*** Opening Data records ***
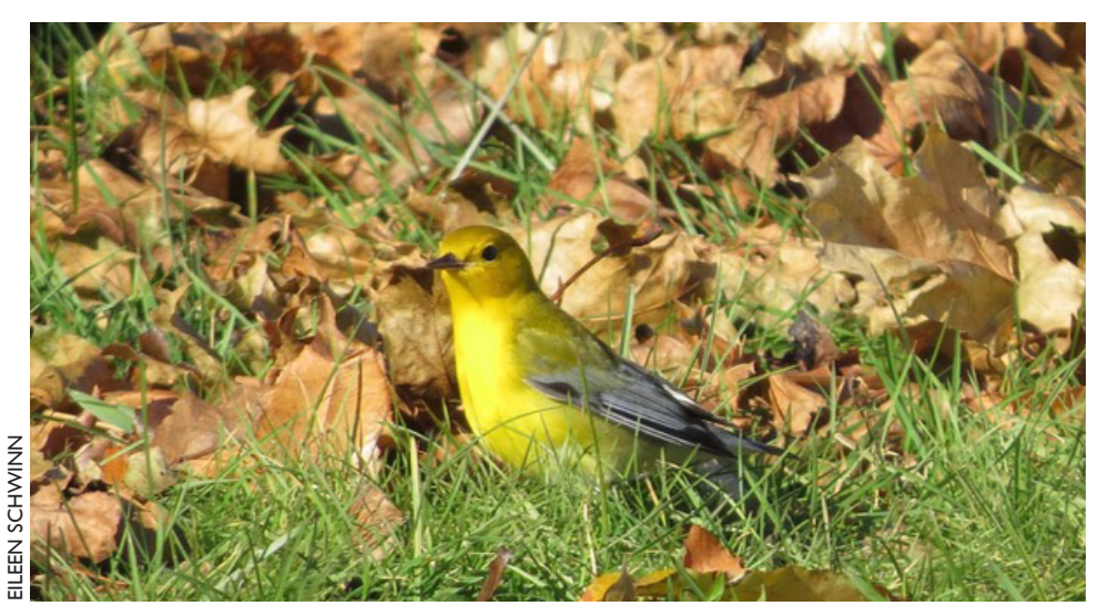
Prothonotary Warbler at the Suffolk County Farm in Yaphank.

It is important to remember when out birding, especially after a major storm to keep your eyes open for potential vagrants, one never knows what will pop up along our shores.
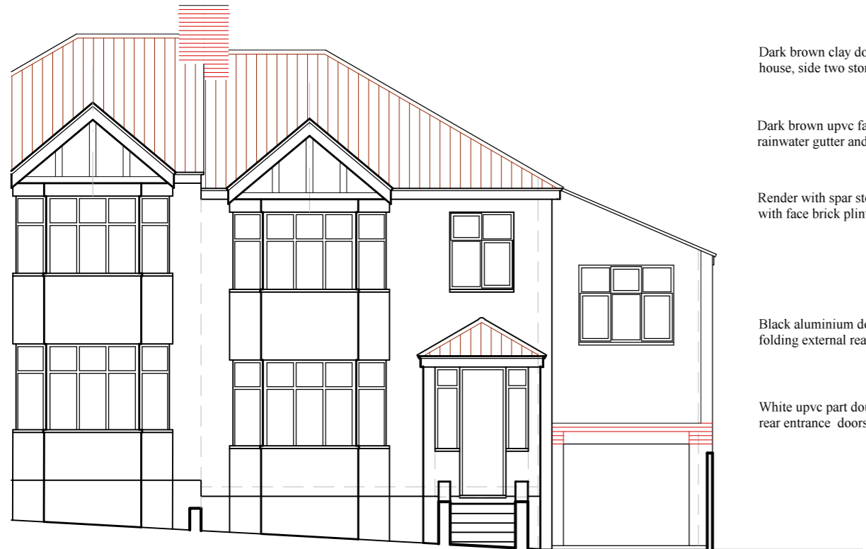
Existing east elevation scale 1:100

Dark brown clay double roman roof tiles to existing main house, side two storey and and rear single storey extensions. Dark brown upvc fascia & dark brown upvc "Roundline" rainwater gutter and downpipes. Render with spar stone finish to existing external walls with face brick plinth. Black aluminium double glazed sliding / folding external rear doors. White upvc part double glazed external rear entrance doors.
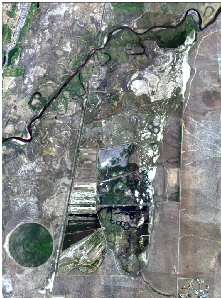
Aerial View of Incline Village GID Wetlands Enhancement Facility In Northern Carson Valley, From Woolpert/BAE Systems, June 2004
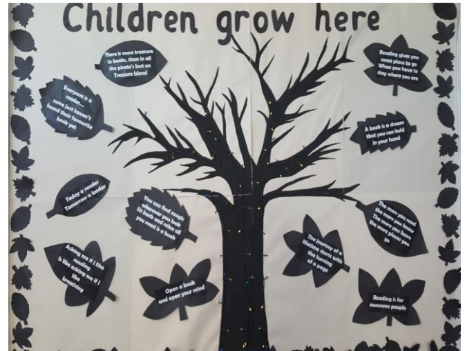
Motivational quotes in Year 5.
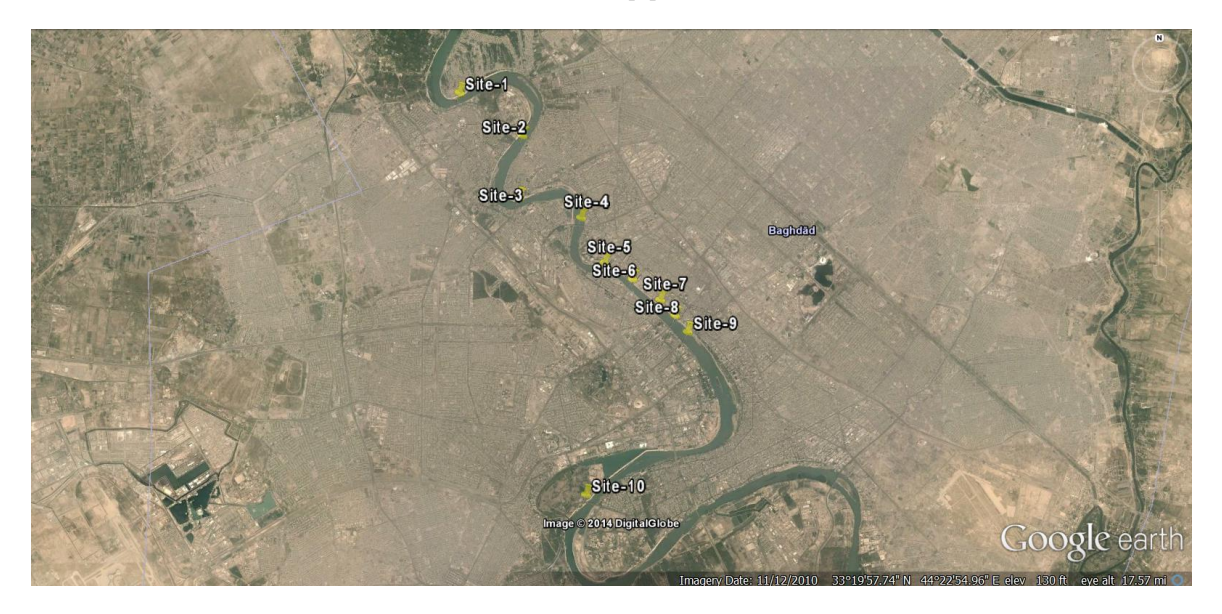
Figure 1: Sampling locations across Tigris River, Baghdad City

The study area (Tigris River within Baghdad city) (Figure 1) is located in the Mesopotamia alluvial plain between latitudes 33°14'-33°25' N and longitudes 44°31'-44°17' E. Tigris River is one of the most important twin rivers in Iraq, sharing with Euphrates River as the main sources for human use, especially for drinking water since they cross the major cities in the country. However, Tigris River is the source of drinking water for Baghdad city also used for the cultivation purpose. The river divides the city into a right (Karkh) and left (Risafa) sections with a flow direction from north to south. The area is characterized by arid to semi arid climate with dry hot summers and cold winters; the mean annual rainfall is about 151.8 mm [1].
*** Closing Data records ***
▸ **What the task requires**:
Only lines from the one holding "Motivational quotes in Year 5." through the last line of the entries above are wanted, both ends included, each retyped exactly; no pictures.

▸ **Result**:
Motivational quotes in Year 5.
Figure 1: Sampling locations across Tigris River, Baghdad City

The study area (Tigris River within Baghdad city) (Figure 1) is located in the Mesopotamia alluvial plain between latitudes 33°14'-33°25' N and longitudes 44°31'-44°17' E. Tigris River is one of the most important twin rivers in Iraq, sharing with Euphrates River as the main sources for human use, especially for drinking water since they cross the major cities in the country. However, Tigris River is the source of drinking water for Baghdad city also used for the cultivation purpose. The river divides the city into a right (Karkh) and left (Risafa) sections with a flow direction from north to south. The area is characterized by arid to semi arid climate with dry hot summers and cold winters; the mean annual rainfall is about 151.8 mm [1].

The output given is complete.